--- WORK INSTRUCTION ---
Leaving out all pictures, give again each line exactly, from the start of the listing through the line that contains "Figure 2. Understanding".

--- COLLECTED MATERIAL ---
*** Begin section ***

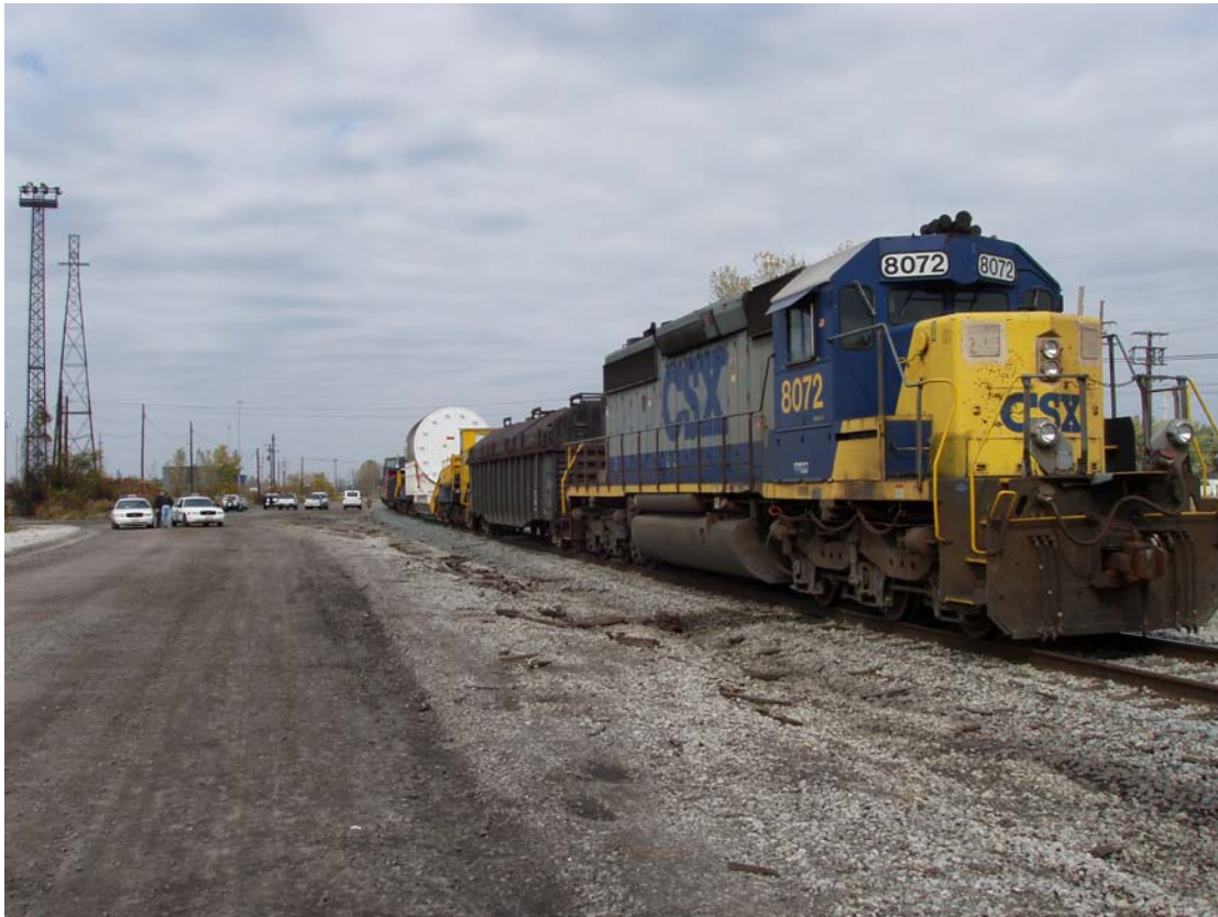
The CSXT Power Unit at Toledo Rail Yard
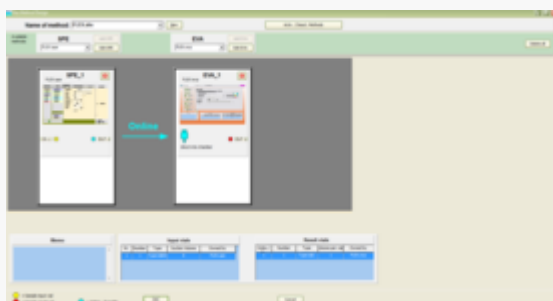
Combination of SPE- and EVAporation method in a so-called "FLEX"-method. This method can also be saved and recalled at any time.
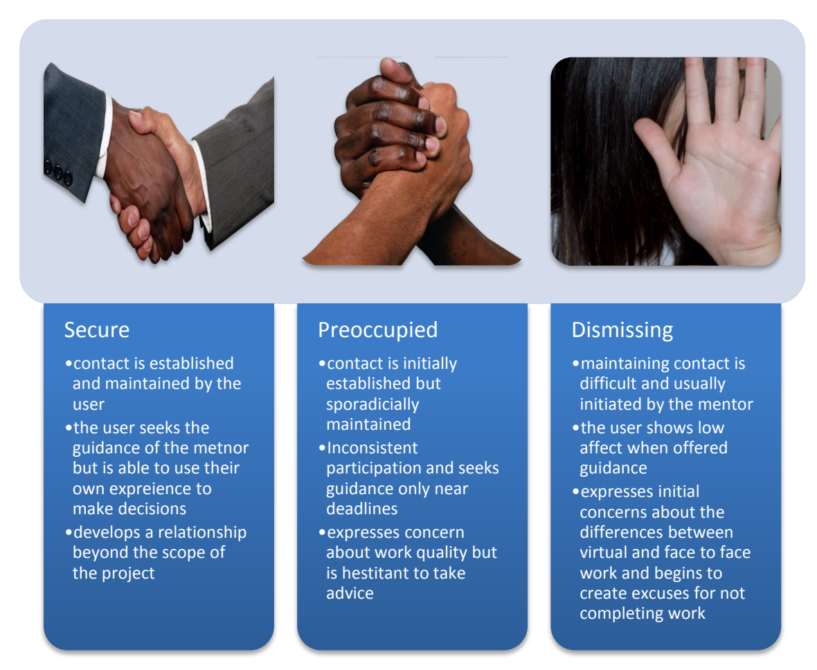
Figure 2. Understanding Virtual Attachment Theory.

dismissing attachment to their mentors who have mentors with a secure or preoccupied connection with their clients often do not maintain contact, make excuses early on in the project and ultimately may not complete the project or drop out of the program entirely. In practical terms this suggests that the level of collegiality among mentors and clients affects the relationship that the intern and client develop. Explicit, clear communication between clients, mentors, and interns during the virtual internship led to secure attachments and internships that ended in completed projects meeting all of the criteria.

*** End section ***

--- REPLY TO THE TASK ---
The CSXT Power Unit at Toledo Rail Yard
Combination of SPE- and EVAporation method in a so-called "FLEX"-method. This method can also be saved and recalled at any time.
Figure 2. Understanding Virtual Attachment Theory.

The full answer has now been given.